Meanderings on the Road to Valhalla

Tom McLaughlin

Humor by Tom McLaughlin

"Over the Chesapeake and through Route 70 to Mid-dletown I go, the Rave knows the way to carry the day la, la la!"

I returned to the land of hills and dales to visit my friends and daughter "down in the valley, the valley so low, hang your head hung over, here the wind blow"!

Speaking of wind blowing, the shore feels so much colder than Middletown because the "ocean breezes" so welcome in the summer turn into knife blades when the temperature hovers in the low 30s and upper 20s. I had a return visit in January and it was positively tropical although the thermometer read about 12, but with no wind behind it, a pleasant, crisp day.

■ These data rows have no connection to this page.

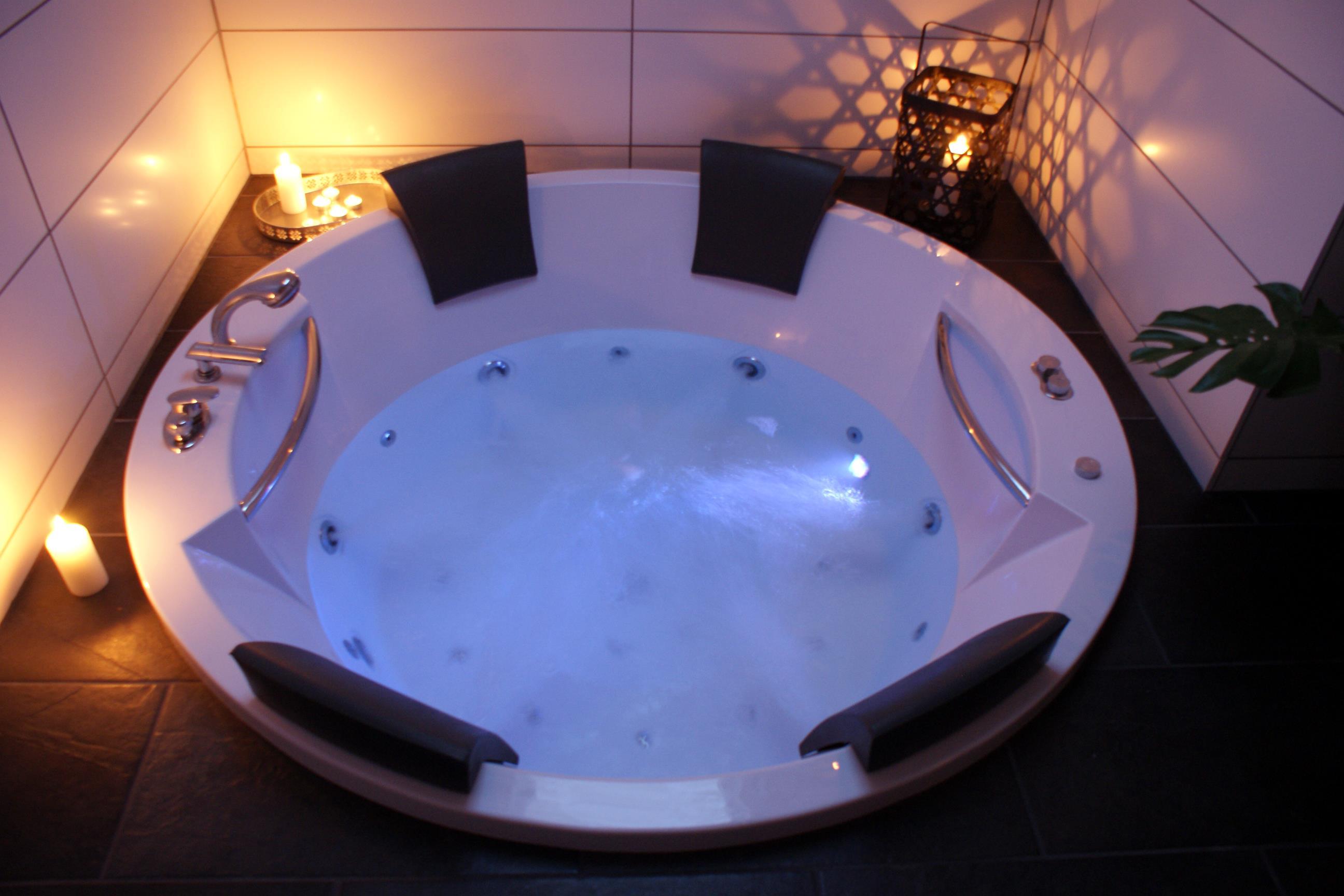 Wellness-område med nedsænket spa, sauna og musikanlæg
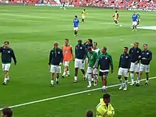 The Cosmos team of guest players at Old Trafford before the first match of the revived franchise v. Manchester United in August 2011
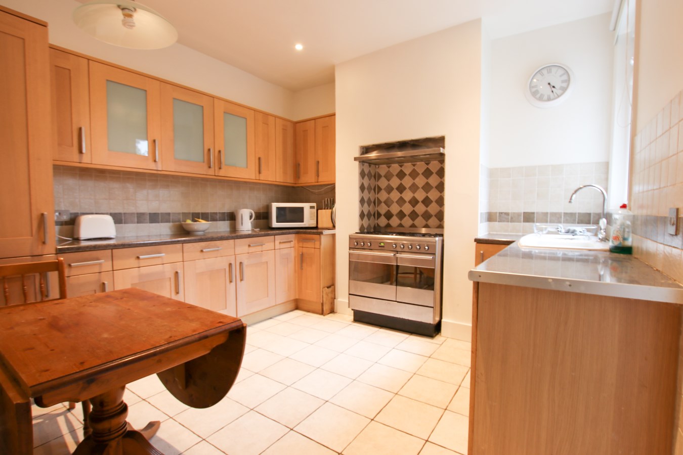 11' 2" x 11' 1" (3.40m x 3.38m) Modern fully fitted kitchen with matching wall and base units with work surfaces over, stainless steel single drainer single bowl sink unit with mixer tap, gas range cooker with air filter hood over, dishwasher, table and chairs, archway to utility room, rear aspect double glazed window.
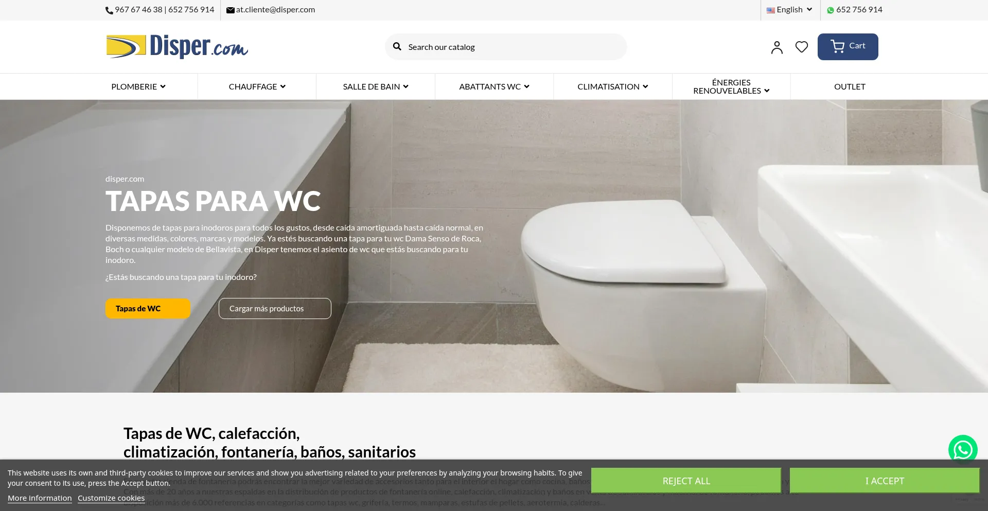 Sale of products of air conditioning, heating, plumbing, swimming pools, toilets and bathroom furniture. At the best prices!

I see not much has changed. The 3-2 majority of the Frederick county commissioners is still wrecking havoc with the schools and development urging the populace to build, build and build. It is great for the school trailer industry. I wonder how much stock those three own in mobile classroom factories.

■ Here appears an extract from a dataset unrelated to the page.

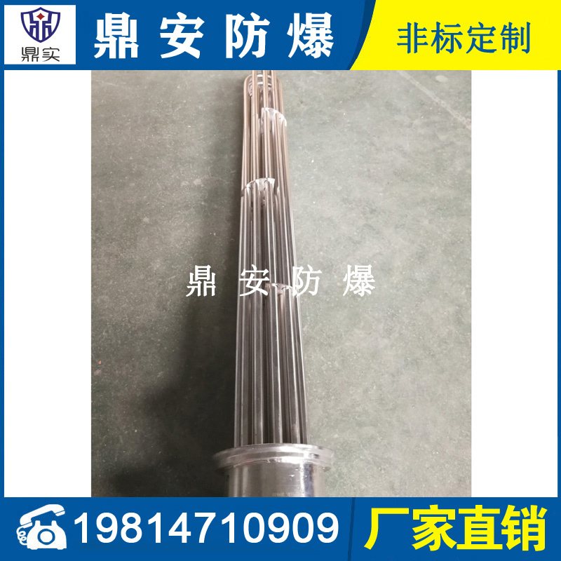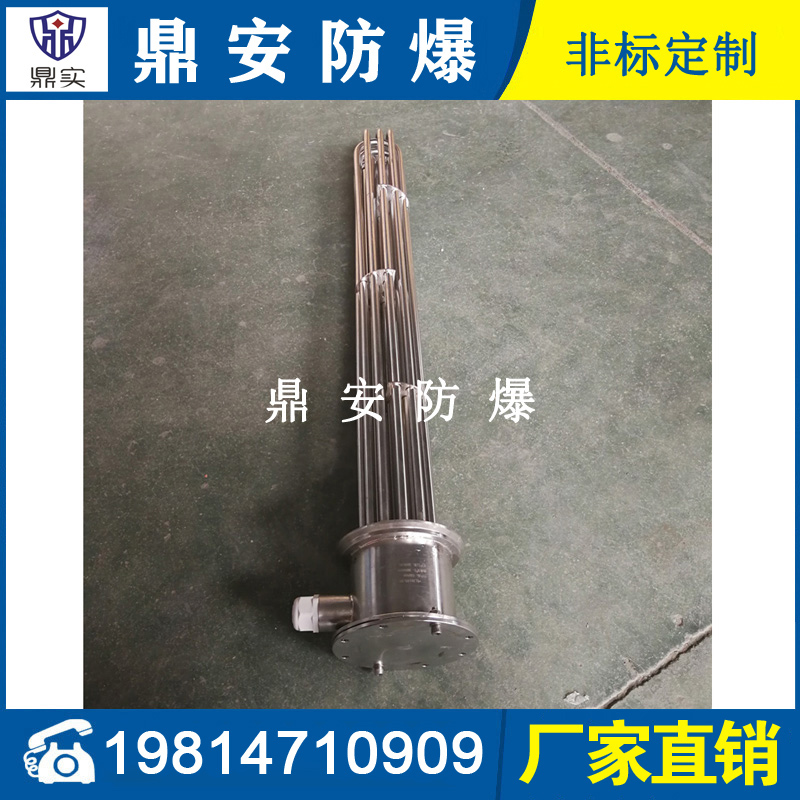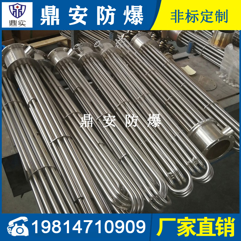 法蘭電熱管(也稱插入式電加熱器):是采用U型管狀電熱元件,多支U型電熱管焊接在法蘭上集中加熱,依據(jù)加熱不同介質(zhì)設(shè)計規(guī)范,按照功率配置要求裝配在法蘭蓋上,插入需加熱物料中,發(fā)熱元件工作時所發(fā)出的大量熱量傳導(dǎo)給被加熱介質(zhì)使介質(zhì)溫度升高,達到所需的工藝要求,主要用于敞開式、封閉式的溶液箱和循環(huán)系統(tǒng)中加熱用。

The new Republican mayor joins the ranks of others of his ilk by trying to hire a relative for a position. One begins to wonder why those guys insist on self destruction. They're on their way to the Potomac River via the sewage system and most, hopefully, will be flushed out this November.

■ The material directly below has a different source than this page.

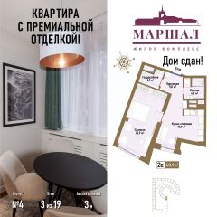 Продаётся 2-комнатная квартира в сданном доме (Маршала Рыбалко, 2К4), срок сдачи: IV-кв. 2011, общей площадью 48.9 кв.м., на 3 этаже. Готовая квартира в элитном МФК "Маршал" с премиальной отделкой "под ключ" (экологичное напольное покрытие - инженерная доска Greenline и керамогранит, высококачественные системы кондиционирования и сантехническое оборудование), выполненной европейскими специалистами по эксклюзивным дизайн-проектам, подчеркнет высокий статус владельца.
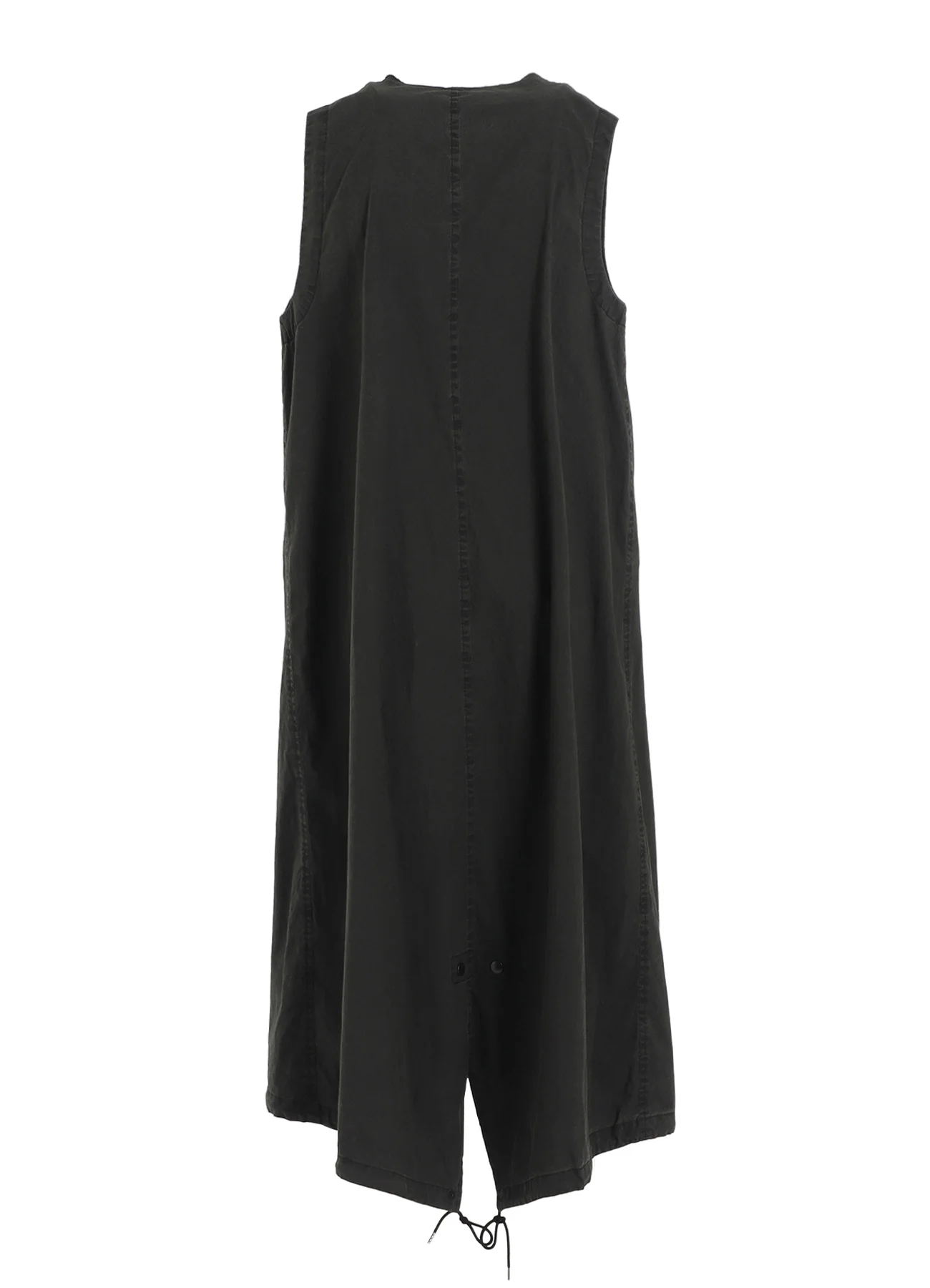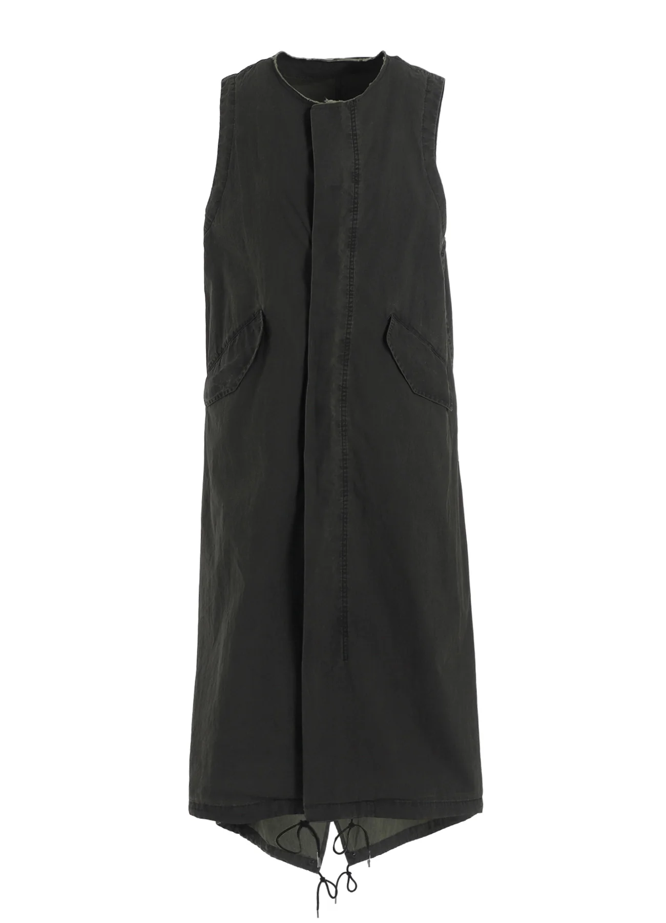 The Fish-Tail Dress made from cotton and nylon features a unique texture and faded look achieved through garment washing. Its design is highlighted by its fish-tail and flaps inspired by a mod coat. This front-opening dress can also be worn as a coat, with each piece showing individual color variations due to the pigment dye.

As a Democrat, a liberal one at that, some people ask me what the difference is between Martin O'Malley, Doug Duncan and Gov. Robert Ehrlich. I use the following analogy.

If Mr. O'Malley was walking along the beach, he would be singing "By the Maryland's fair city, where the girls are so pretty, I first set my eyes on sweet Molly Malone [as he eyes a bouncing set of flesh squeezing out of the bathing suit]. As she dragged her wheel barrow, through streets broad and narrow, crying cockles and mussels alive alive Ho!

Mr. O'Malley what are we going to do about the increase in electric rates?

"Become a fish monger, a surely we'll wonder, singing cockles and mussels alive, alive ho!

If Mr. Duncan were walking along the beach, he would be in a contemplative mood. There would be no song in his voice. He would totally ignore the flesh passing by, but would stop at a stranded jellyfish. "Jellyfish are composed of an outer layer called an epidermis which covers the external body surface and an inner layer called the gastrodermis," he would say to no one in particular, except maybe the tentacled creature.

Mr. Duncan, what are we going to do about the increase in electric rates?

"Between the epidermis and gastrodermis is a layer of thick jelly like substance called the mesoglea that combines with illuminating bacteria may be able to solve a small portion of our energy problem."

Now, Governor Ehrlich would be running along the beach at a pretty good clip whistling a patriotic Sousa march. He would stumble over a few children while not being able to take his eyes off a particularly voluptuous female.

Governor, what are we going to do about the increase in electric rates?

Without skipping a beat:

"Over hill, over dale, we will hit the dusty trail, as those SUV's keep rolling along!